## TASK TO CARRY OUT
From the first line to the last, retype the records exactly without their images.

## MATERIAL FOR THE TASK
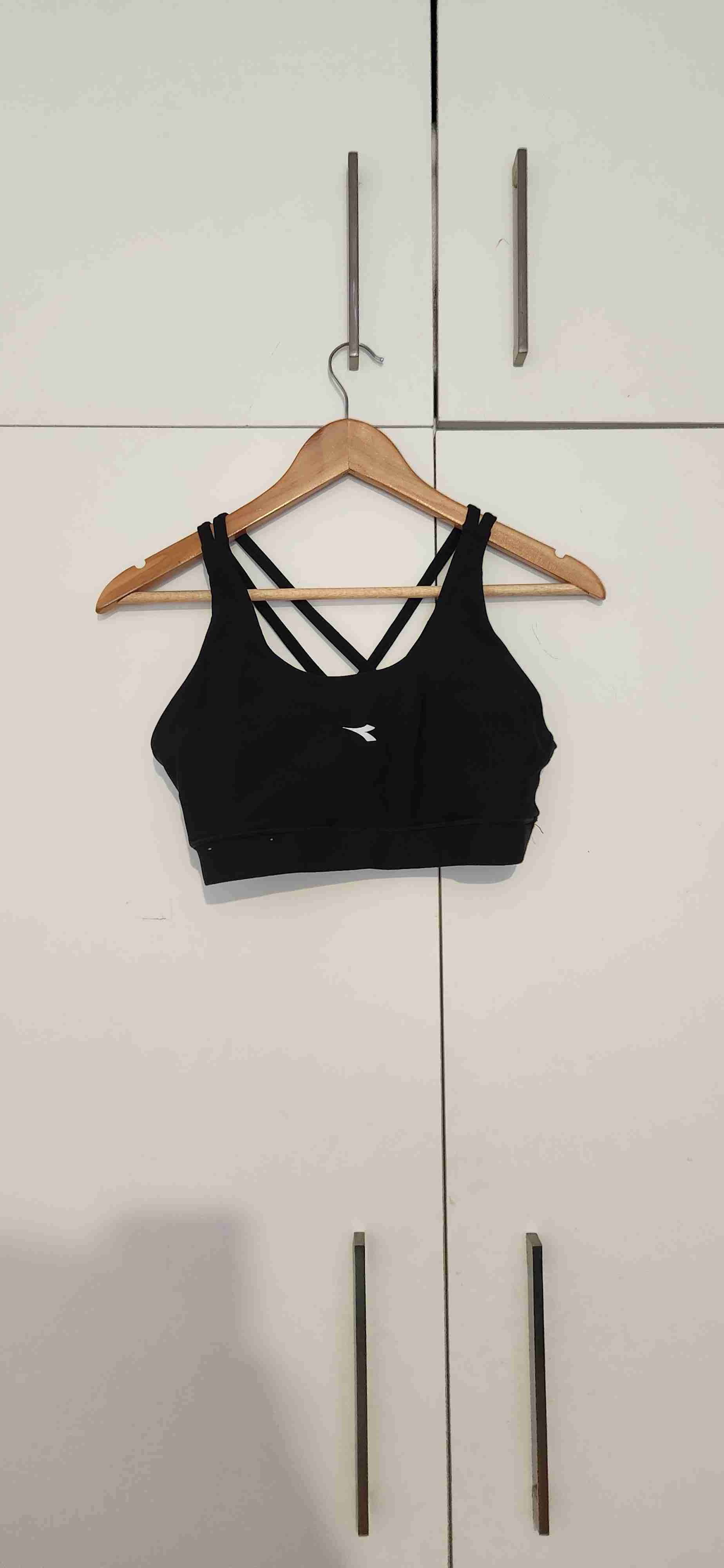 Top deportivo negro con tirantes cruzados, ideal para entrenar. Buen estado, cómodo y resistente.
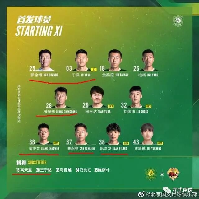 球队的替补阵容中还有球队主力高天意,前国足前锋王子铭,后面这两人也都有登场。总体而言,国安这套阵容并不差,至少比起前一天以4比2战胜中甲第六四川九牛的广州队U23阵容要强。
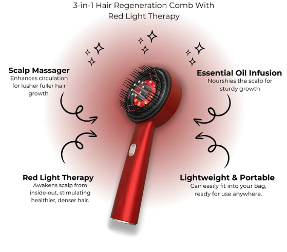 The Hair Growth Comb is here to help! Using red light therapy plus a ultrasonic vibration massage while infusing oils into the scalp, this comb boosts hair growth and brings back fuller, healthier hair.
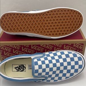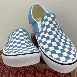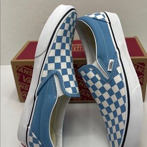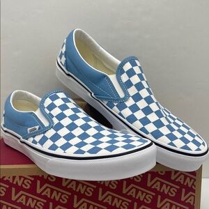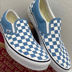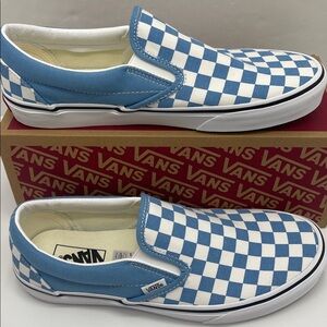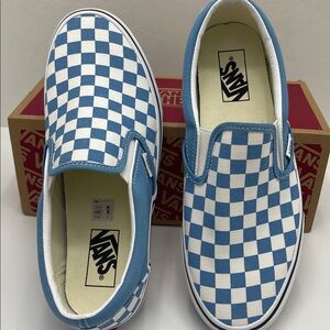 Iconic Vans slip-ons with a bold blue and white checkered design. Easy to wear and stylish.
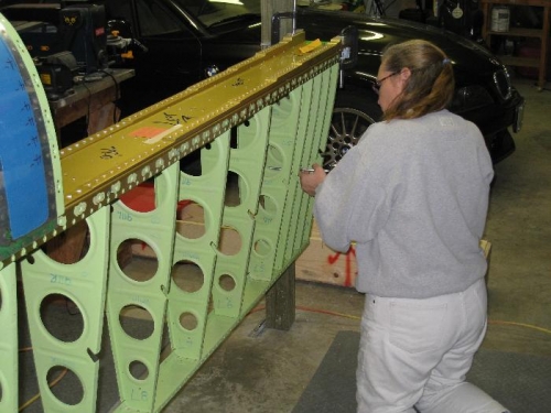 Beth deburred all of the ribs on the left wing and all of the ribs and stiffeners for the left tank and then helped me dimple the left tank skin.
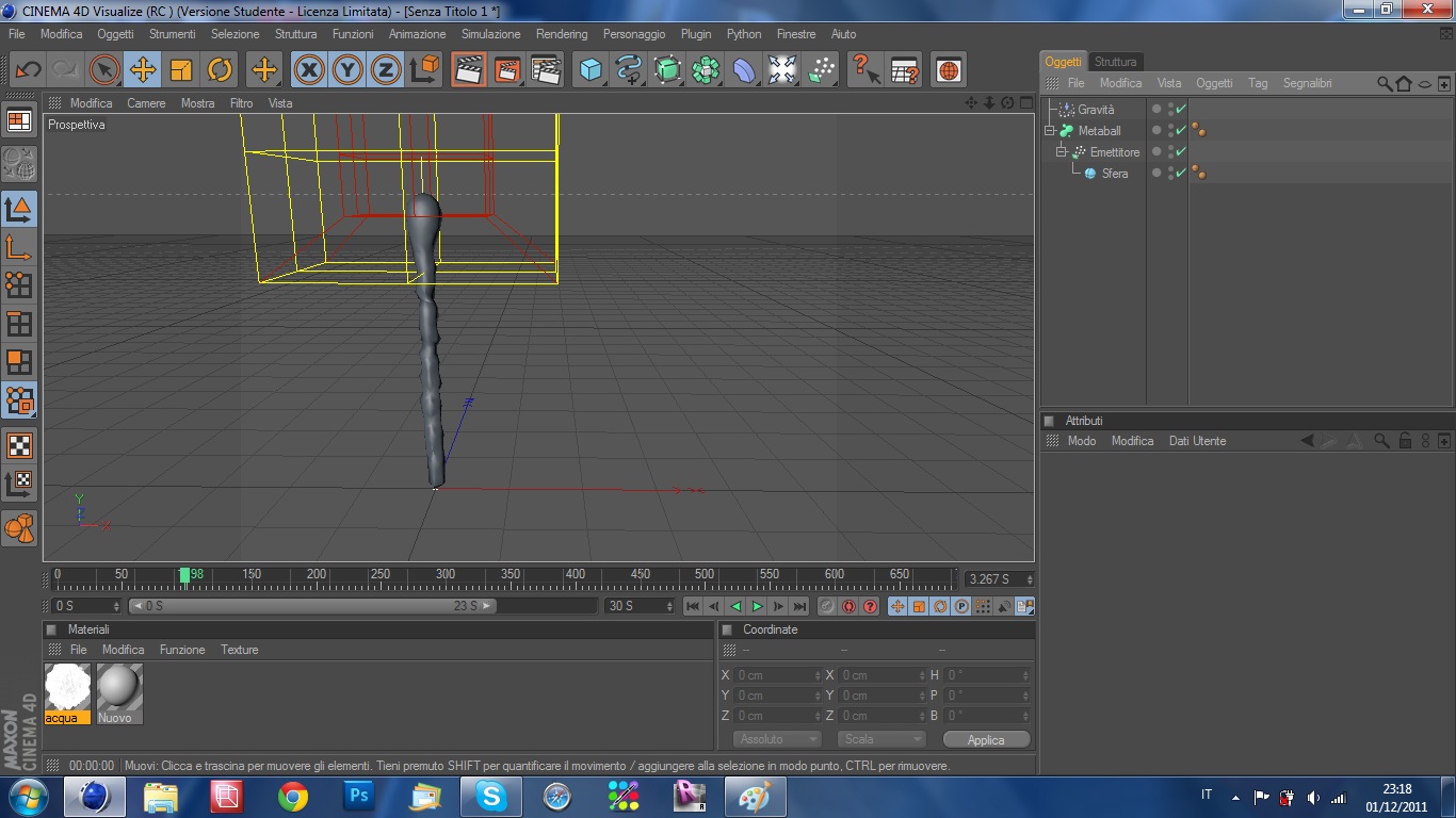 vorrei cimentarmi in questa avventura con le metaball ed emettitore per cercare di creare un getto di una fontana.
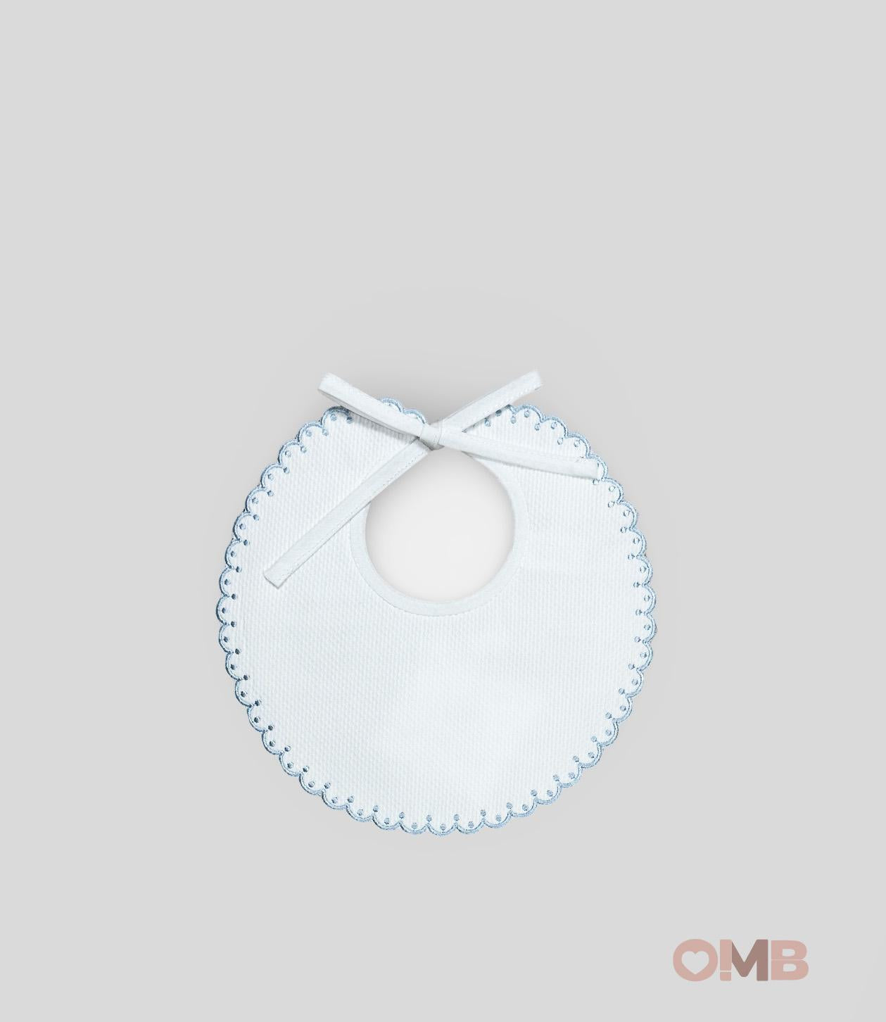 Bavaglino per neonato in cotone con profilo azzurro ondulato.
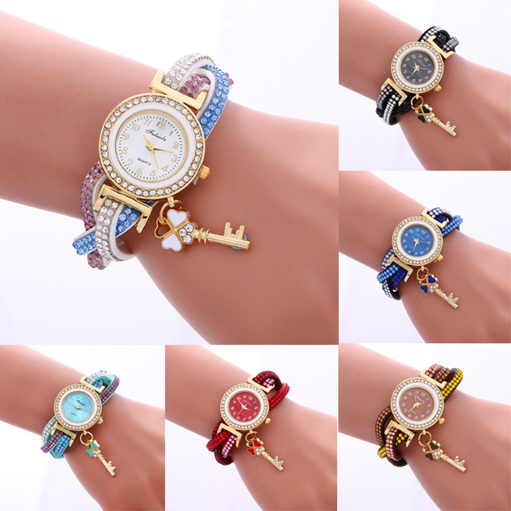 Key Pendant full Crystal Elegance Watch Wrap Around Quartz Leopard Leather Weave Watch Clock Bracelets Relogio Femininos EF8
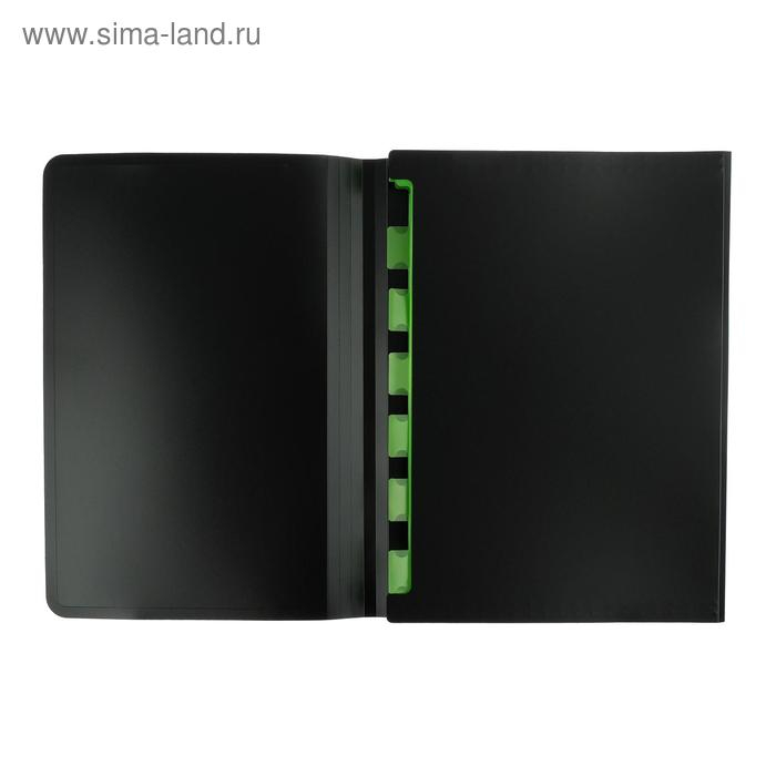 Папка-картотека с 6 отделениями формата А4 из высококачественного пластика с текстурой поверхности "песок", на которой не видно отпечатков пальцев и мелких царапин.
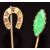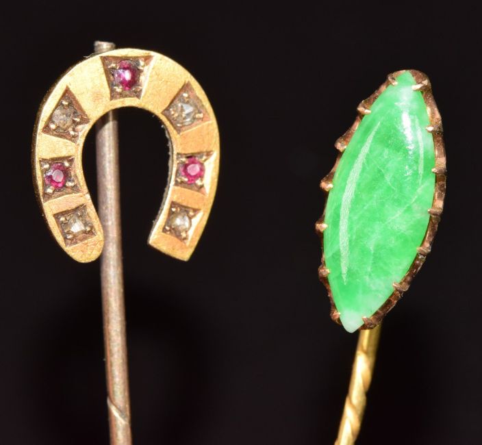 Edwardian 15ct gold stick pin in the form of a horseshoe set with diamonds and rubies (1.1) and a yellow metal stick pin set with a marquise cut jadeite cabochon (1.4g)
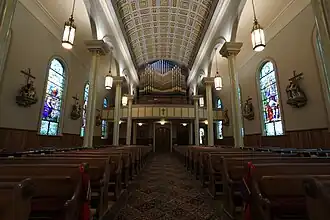 St. Peter Catholic Church has the largest functioning pipe organ in the city. Stenciled with grey, olive, and brown and decorated with gold and silver leaf, the 1891 Kilgen Pipe Organ cost $380,000 originally. Twenty-seven of the 2,150 pipes in the set were replaced in the 1992 restoration of the set. Prior to the restoration, the organ set was silent for almost thirty years.[4]
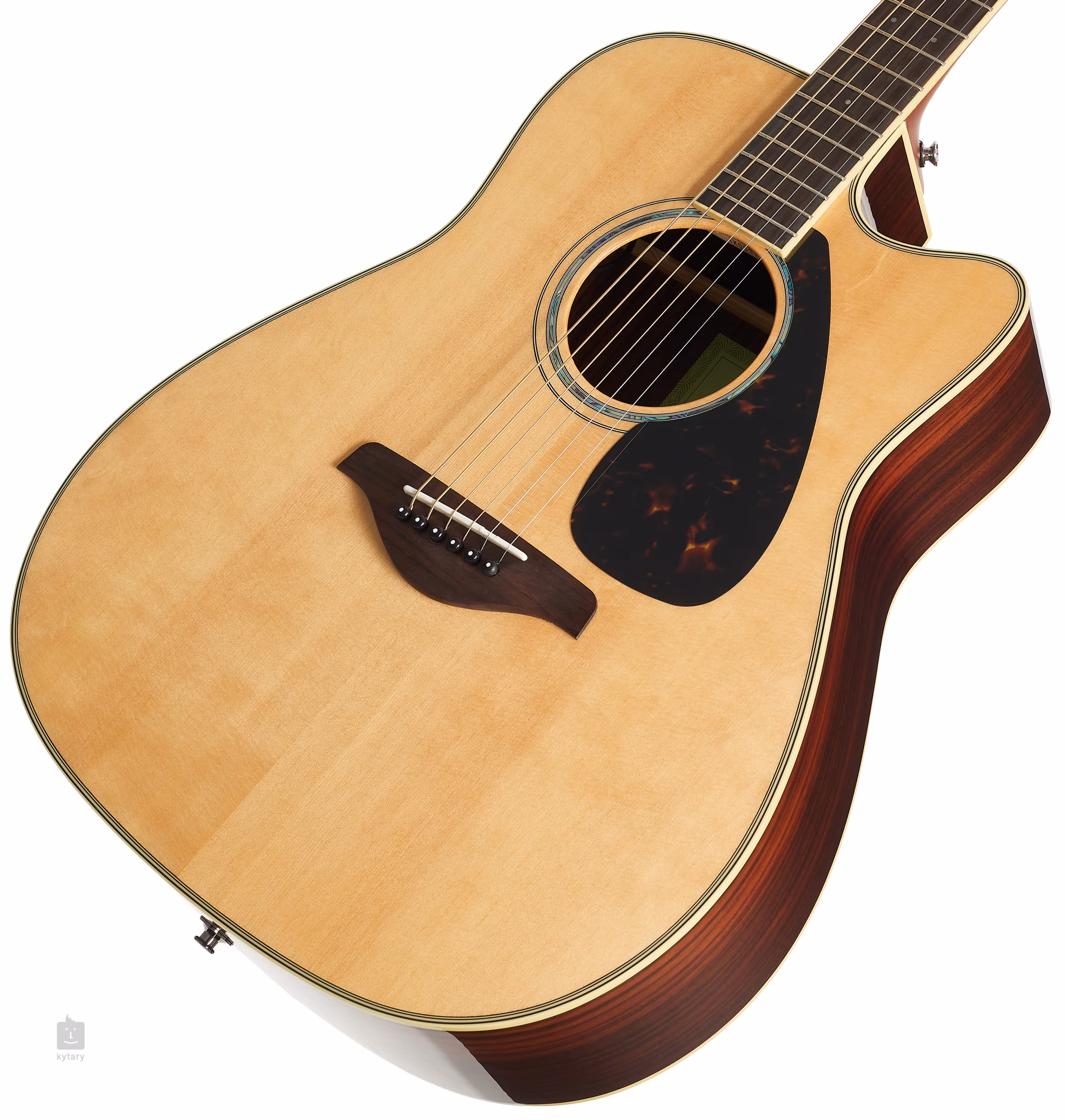 Die Frontplatte des FGX830C ist aus massiver Sitka-Fichte gefertigt, während die Bodenplatte und die Zargen aus Palisander-Sperrholz bestehen. Die akustische Leistung wird durch ein neues Design mit reduzierten X-Rippen auf der Frontplatte auf ein höheres Niveau gehoben, was der Gitarre eine stärkere, lautere Reaktion in den unteren Mitten verleiht. Ein praktischer Cutaway im unteren Bereich des Korpus bietet eine gute Anpassung auch an höhere Griffbrettpositionen.

## RESPONSE AREA
 Top deportivo negro con tirantes cruzados, ideal para entrenar. Buen estado, cómodo y resistente.
 球队的替补阵容中还有球队主力高天意,前国足前锋王子铭,后面这两人也都有登场。总体而言,国安这套阵容并不差,至少比起前一天以4比2战胜中甲第六四川九牛的广州队U23阵容要强。
 The Hair Growth Comb is here to help! Using red light therapy plus a ultrasonic vibration massage while infusing oils into the scalp, this comb boosts hair growth and brings back fuller, healthier hair.
 Iconic Vans slip-ons with a bold blue and white checkered design. Easy to wear and stylish.
 Beth deburred all of the ribs on the left wing and all of the ribs and stiffeners for the left tank and then helped me dimple the left tank skin.
 vorrei cimentarmi in questa avventura con le metaball ed emettitore per cercare di creare un getto di una fontana.
 Bavaglino per neonato in cotone con profilo azzurro ondulato.
 Key Pendant full Crystal Elegance Watch Wrap Around Quartz Leopard Leather Weave Watch Clock Bracelets Relogio Femininos EF8
 Папка-картотека с 6 отделениями формата А4 из высококачественного пластика с текстурой поверхности "песок", на которой не видно отпечатков пальцев и мелких царапин.
 Edwardian 15ct gold stick pin in the form of a horseshoe set with diamonds and rubies (1.1) and a yellow metal stick pin set with a marquise cut jadeite cabochon (1.4g)
 St. Peter Catholic Church has the largest functioning pipe organ in the city. Stenciled with grey, olive, and brown and decorated with gold and silver leaf, the 1891 Kilgen Pipe Organ cost $380,000 originally. Twenty-seven of the 2,150 pipes in the set were replaced in the 1992 restoration of the set. Prior to the restoration, the organ set was silent for almost thirty years.[4]
 Die Frontplatte des FGX830C ist aus massiver Sitka-Fichte gefertigt, während die Bodenplatte und die Zargen aus Palisander-Sperrholz bestehen. Die akustische Leistung wird durch ein neues Design mit reduzierten X-Rippen auf der Frontplatte auf ein höheres Niveau gehoben, was der Gitarre eine stärkere, lautere Reaktion in den unteren Mitten verleiht. Ein praktischer Cutaway im unteren Bereich des Korpus bietet eine gute Anpassung auch an höhere Griffbrettpositionen.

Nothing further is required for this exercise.